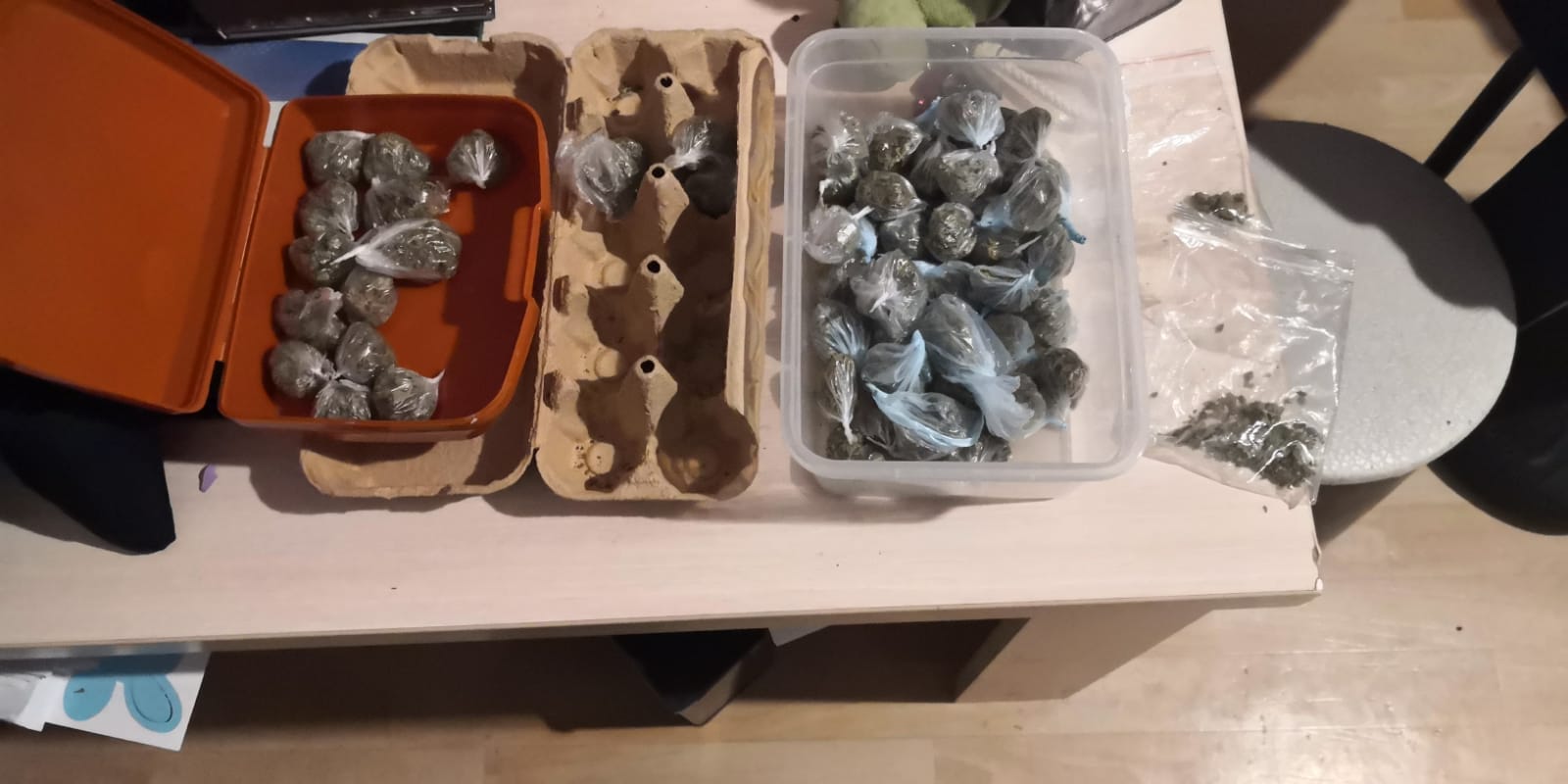Już w samym wejściu do mieszkaniu funkcjonariusze wyczuli unoszący się „zapach” marihuany. W jednym z pokoi w otworzonej szufladzie komody zauważyli małe „zawiniątko”, w którym znajdował się susz roślinny. Po przeszukaniu innych pomieszczeń funkcjonariusze znaleźli i zabezpieczyli pozostałą część suszu roślinnego, który był schowany m.in. w szufladach biurka i komody oraz w pojemnikach i wytłaczankach w lodówce.
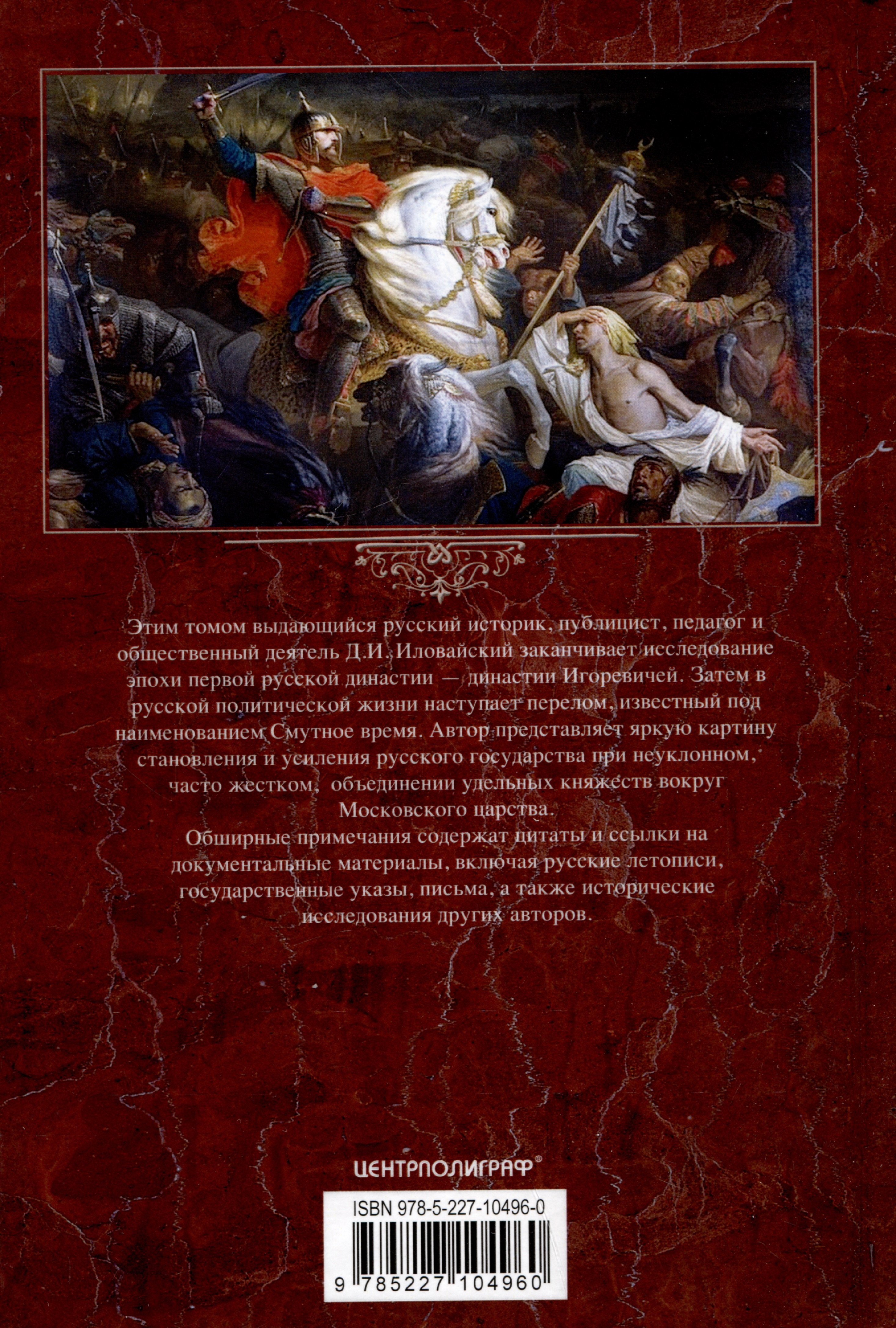 Этим томом выдающийся русский историк, публицист, педагог и общественный деятель Д.И. Иловайский заканчивает исследование эпохи первой русской династии - династии Игоревичей. Затем в русской политической жизни наступает перелом, известный под наименованием Смутного времени. Автор представляет яркую картину становления и усиления русского государства при неуклонном, часто жестком, объединении удельных княжеств вокруг Московского царства.
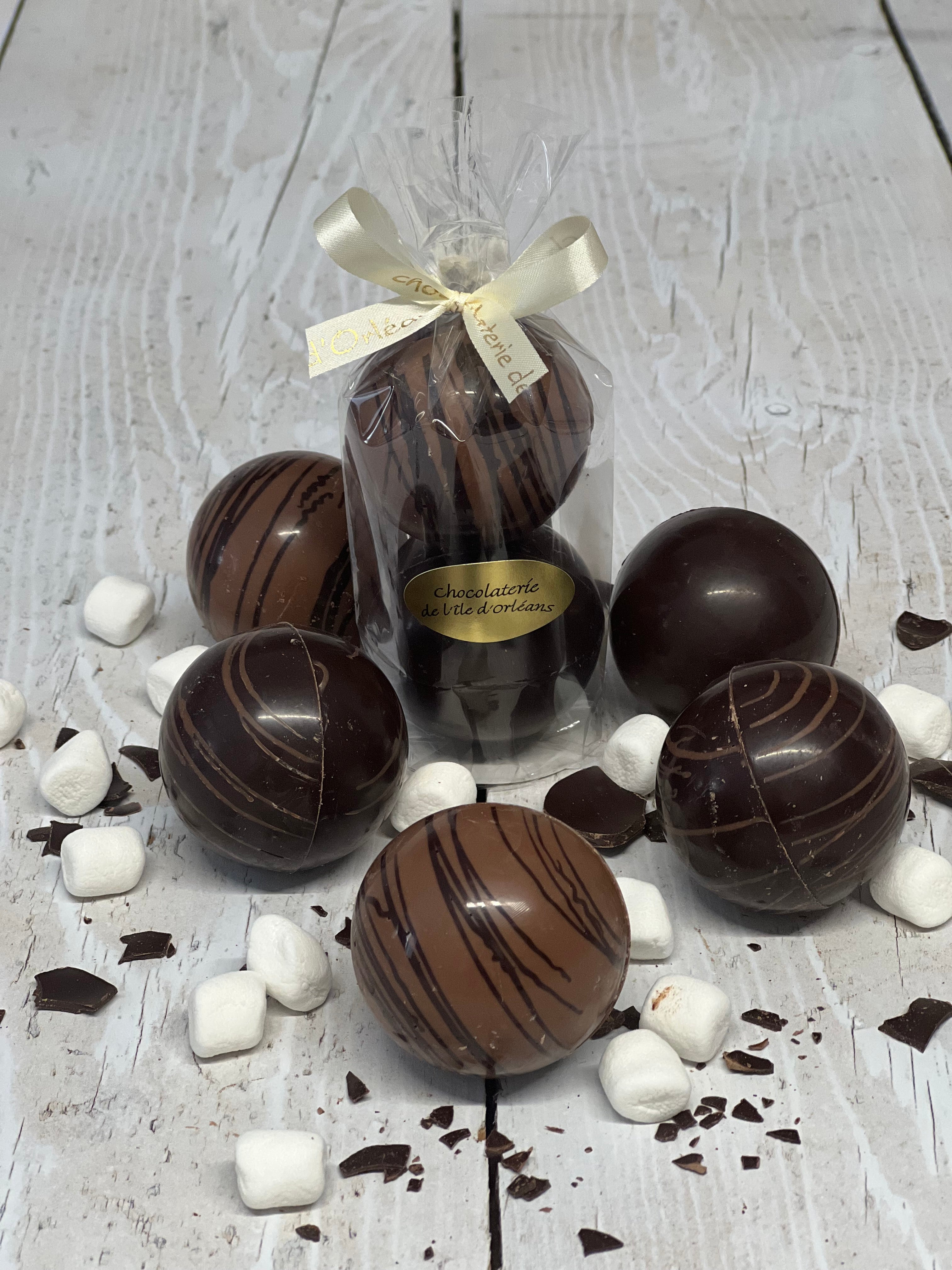 Boules de chocolat chaud avec guimauve maison 75g - lait - noir -

:: INSTRUCTIONS FOR THE TASK ::
Retype all of the material above exactly; the pictures stay out.

:: RESPONSE BELOW ::
Już w samym wejściu do mieszkaniu funkcjonariusze wyczuli unoszący się „zapach” marihuany. W jednym z pokoi w otworzonej szufladzie komody zauważyli małe „zawiniątko”, w którym znajdował się susz roślinny. Po przeszukaniu innych pomieszczeń funkcjonariusze znaleźli i zabezpieczyli pozostałą część suszu roślinnego, który był schowany m.in. w szufladach biurka i komody oraz w pojemnikach i wytłaczankach w lodówce.
 Этим томом выдающийся русский историк, публицист, педагог и общественный деятель Д.И. Иловайский заканчивает исследование эпохи первой русской династии - династии Игоревичей. Затем в русской политической жизни наступает перелом, известный под наименованием Смутного времени. Автор представляет яркую картину становления и усиления русского государства при неуклонном, часто жестком, объединении удельных княжеств вокруг Московского царства.
 Boules de chocolat chaud avec guimauve maison 75g - lait - noir -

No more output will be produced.